ПРИМЕР 2: Получение рекомбинантного фага М13 против Н.pylori
2.1. Материалы
QuickPrep mRNA purification kit^ТМ, Mouse ScFv Module kit^ТМ, Expression Module kit^ТМ, Detection Module Kit^ТМ, Sfil, Notl, T4 ДНК лигаза и анти-М13 овечье антитело получили от Pharmacia Biotech (Uppsala, Sweden). DNTPs смесь, 10хПЦР буфер и AmpliTaq ДНК полимераза были закуплены у Perkin Elmer. Бакто-дрожжевой экстракт, бакто-триптон, бакто-агар были закуплены в Difco Laboratories (Detroit, Michigan USA). Пластины колумбийского агара и бруцеллярный бульон были получены из отдела микробиологии (Linkoping University, Sweden). Anaerocult был получен от Merck (Germany). SlowFade^ТМ набор против обесцвечивания был получен из Milecular Probes Inc. (U.S.A).

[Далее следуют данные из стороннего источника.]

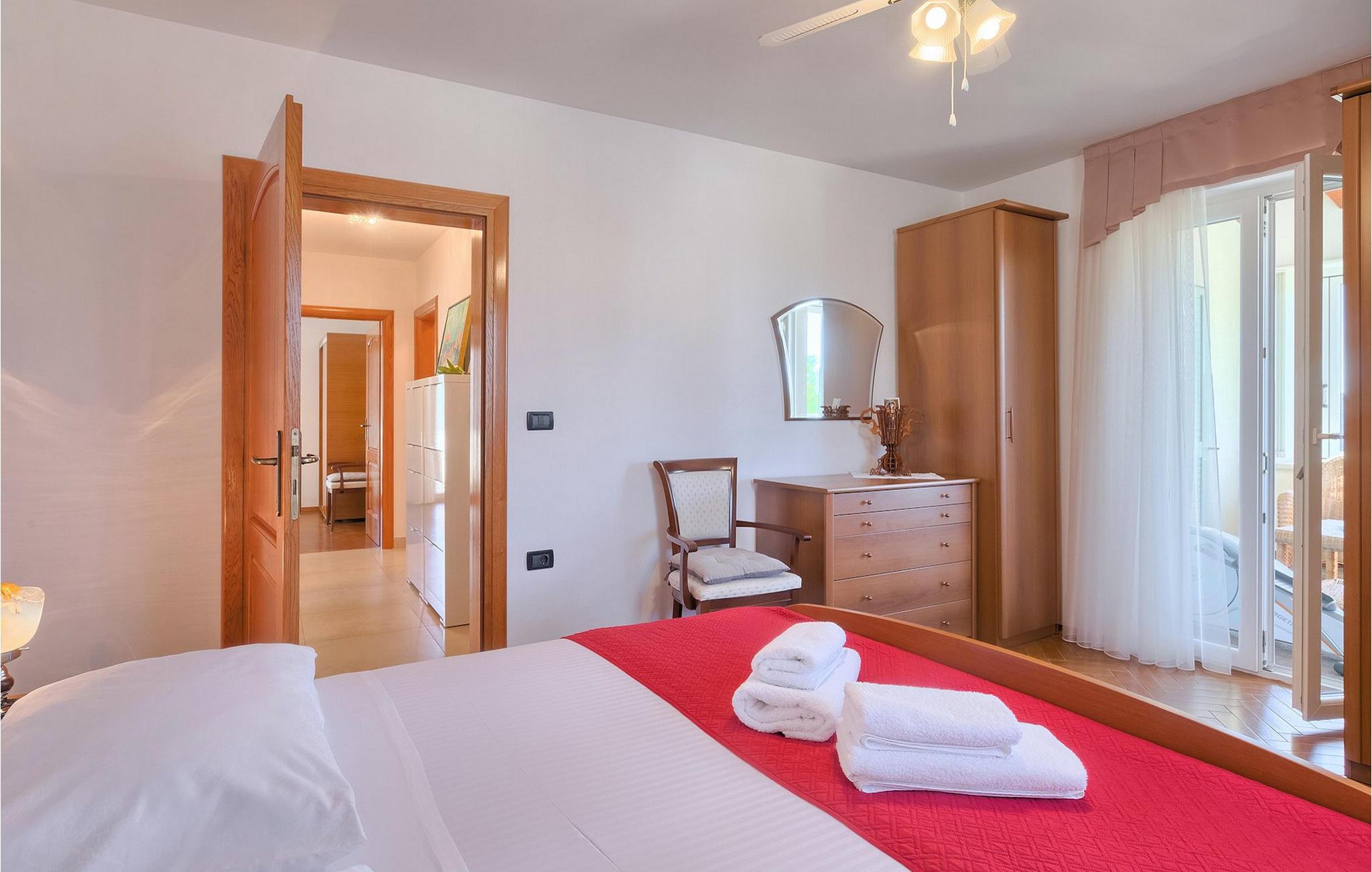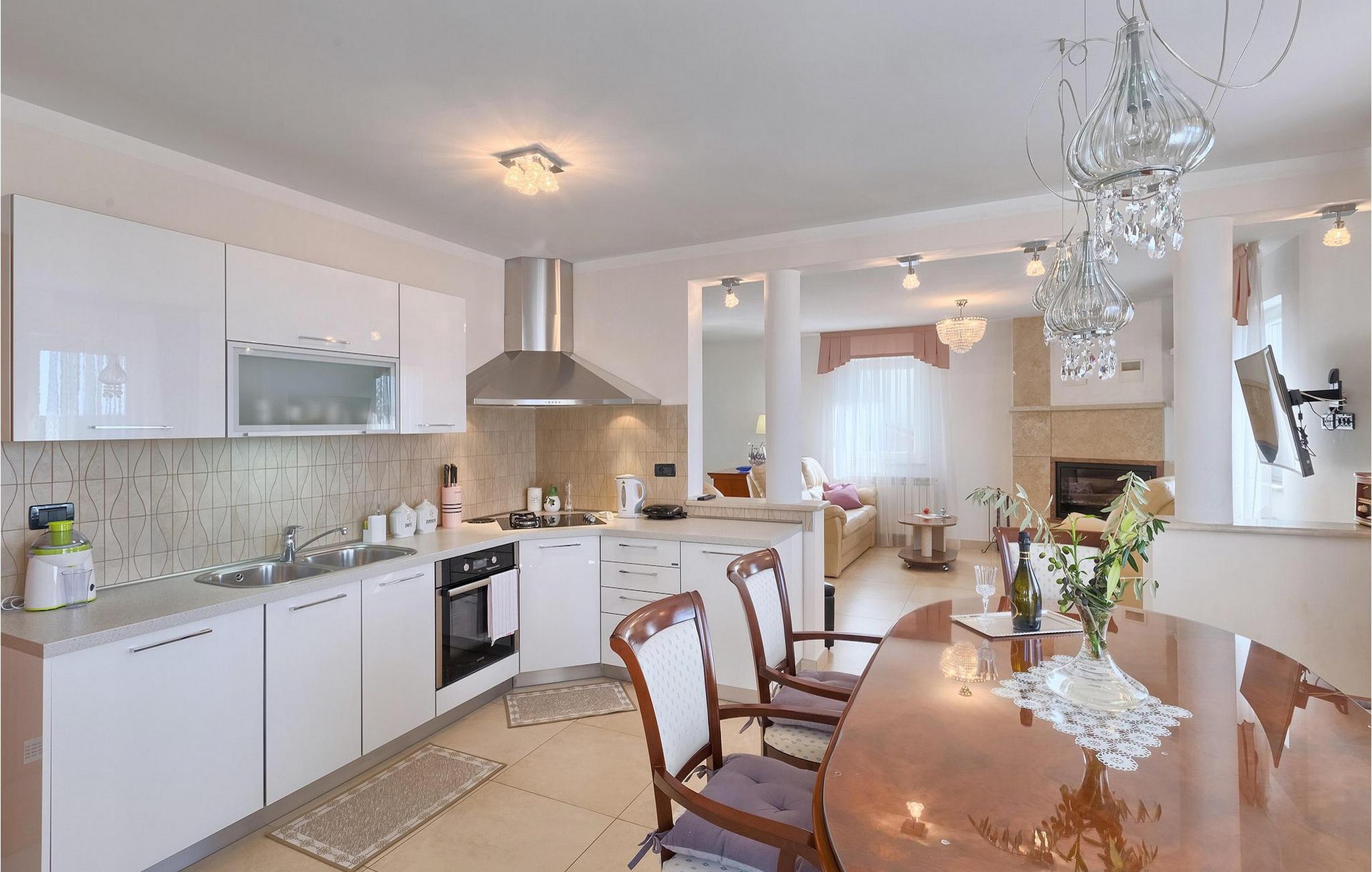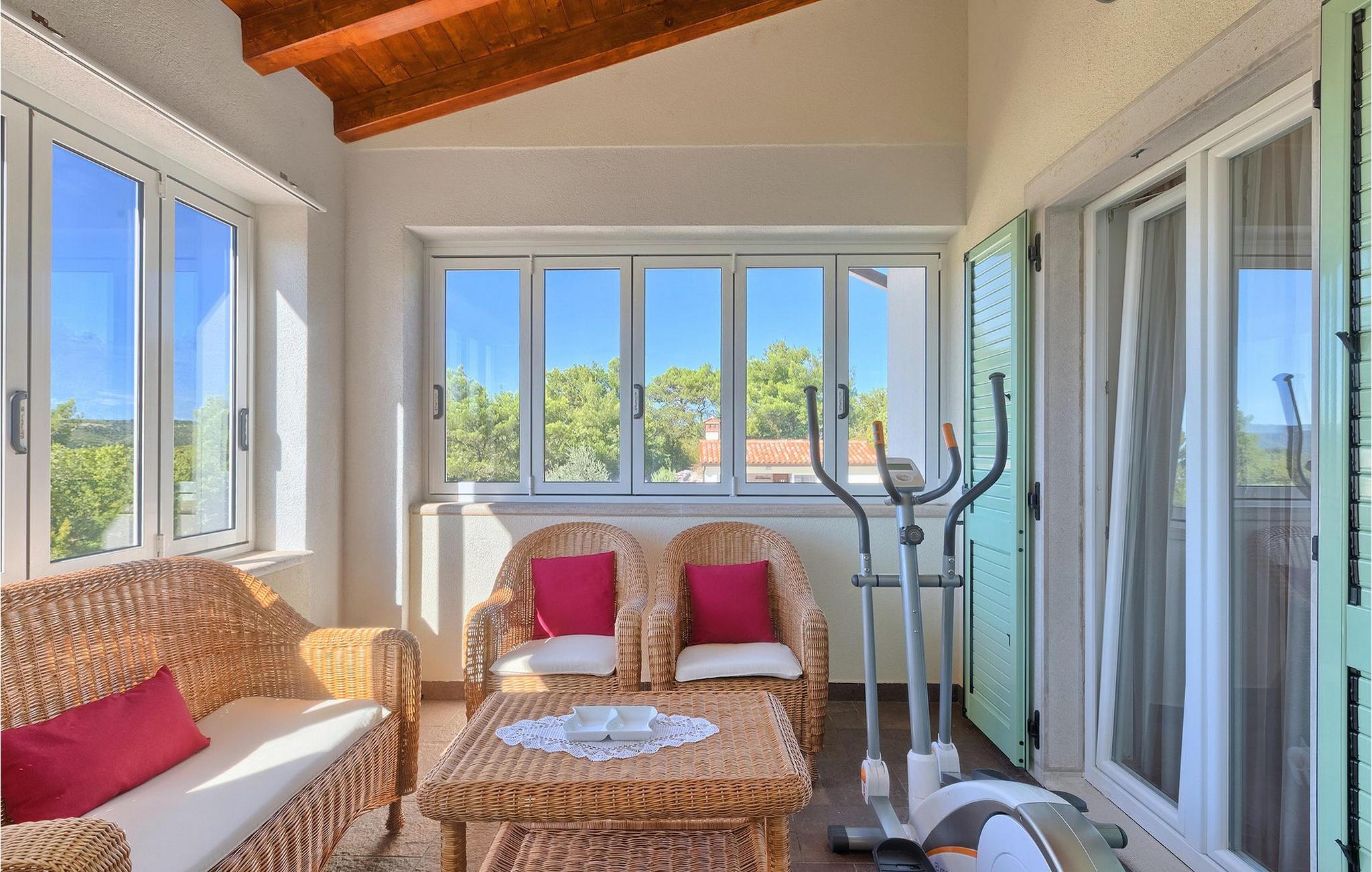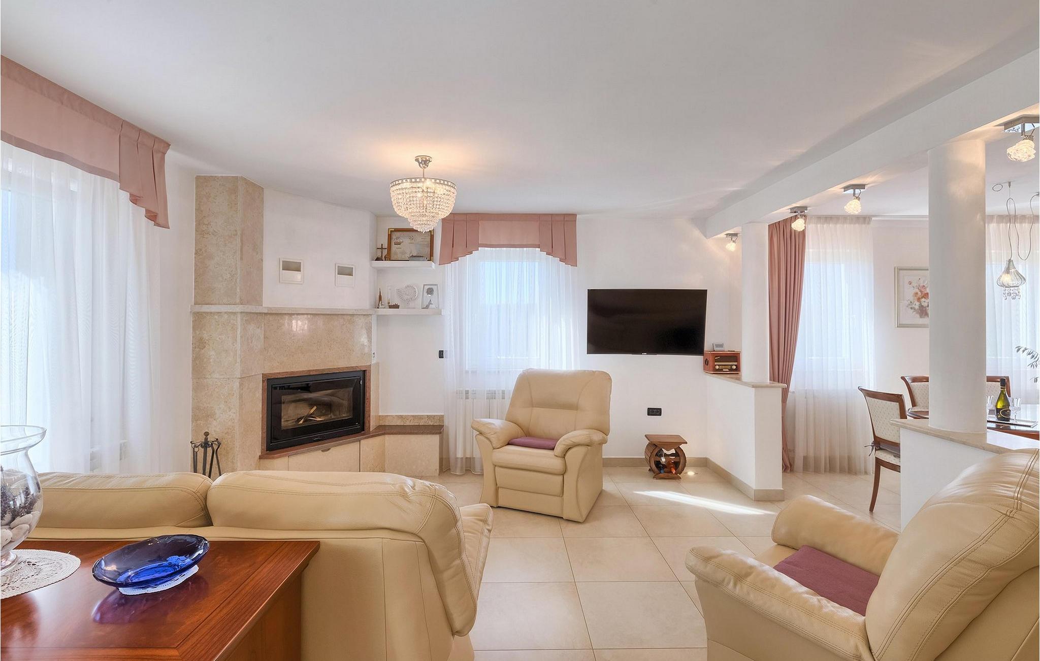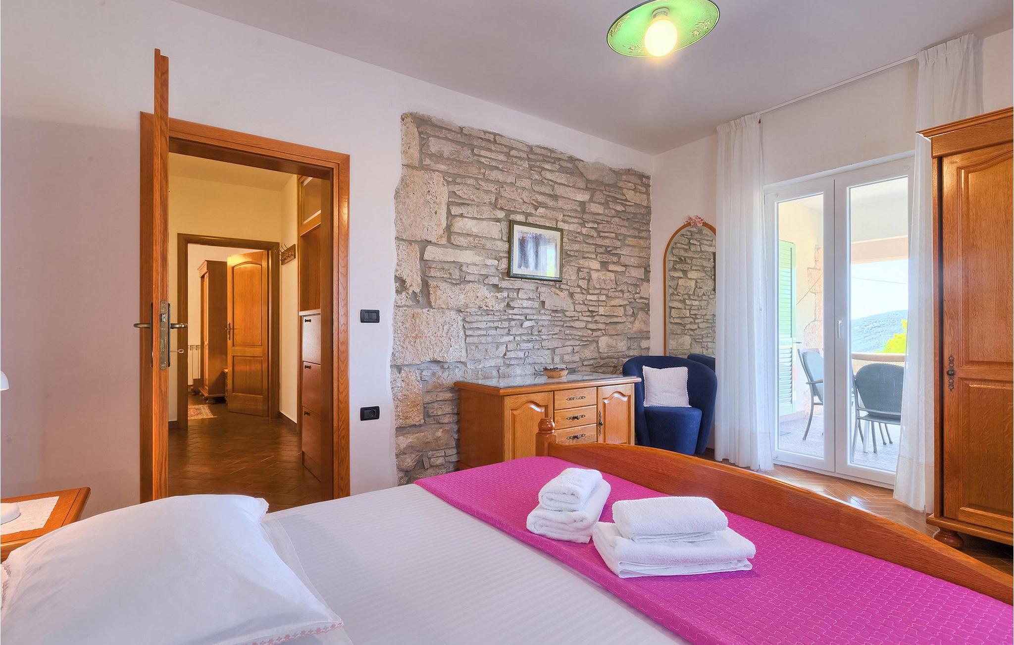 Villaen kan rumme op til 8 gæster og har to soveværelser og et badeværelse på hver etage. Der er i alt to fuldt udstyrede køkkener, hver med spiseplads til 6 og to stuer. Den øverste etage har en hyggelig lukket terrasse med en smuk se udsigt. Brug din ferie til at opdage denne del af Istrien, men også til at nyde et måltid tilberedt på grillen foran villaen, til at slappe af under parasollerne ved siden af poolen eller have det sjovt med bordtennis og bordfodbold.Trget er en lille fiskerlandsby, beliggende nær Labin og Rabac. Det er ikke overfyldt som større kystturistiske hotspots, men har stadig alt, hvad du måske har brug for - en restaurant, en bar og et supermarked er tæt nok på. Du har en række forskellige strande at vælge imellem i det omkringliggende område. De nærmeste er sten- og stenstrande, og kun en kort køretur væk ligger den berømte strand Rabac. Det fantastiske landskab giver dig mulighed for at nyde en mere aktiv form for ferie - sejlads, cykelture eller vandreture. Pula, den største by i Istrien, ligger 35 km væk og er også en fantastisk mulighed for en dagstur.

2.2. Конструирование библиотеки фаговых антител
Для экспрессии фрагментов антител как слитых белков, проявляющихся на фаговой поверхности, использовали the Recombinant Phage Antibody System^ТМ (Pharmacia).

Общую мРНК выделяли из гибридомных клеточных линий (2Н6, 5D8 и 5F8) и очищали посредством афинной хроматографии на олигo(dТ)-целлюлозе, используя QuickPrep mRNA Purification Kit^ТМ (Pharmacia).

С помощью Mouse ScFv Module Kit^ТМ осуществляют следующие стадии:
- Первую нить кДНК синтезируют с гибридомной мРНК с помощью обратной транскриптазы и смесей праймеров из Mouse ScFv Module Kit^ТМ.

- К-ДНК, соответствующую вариабельным областям тяжелых и легких цепей mAbs (моноклональных антител), амплифицируют с различными праймерами (V_H и V_L праймеры цепи, из набора) посредством полимеразной цепной реакции (ПЦР). V_H и V_L цепи анализируют посредством электрофореза в 1,5%-ном агарозном геле. Получали отдельные полосы правильного размера для V_H (340 пн) и V_L (325 пн) цепи.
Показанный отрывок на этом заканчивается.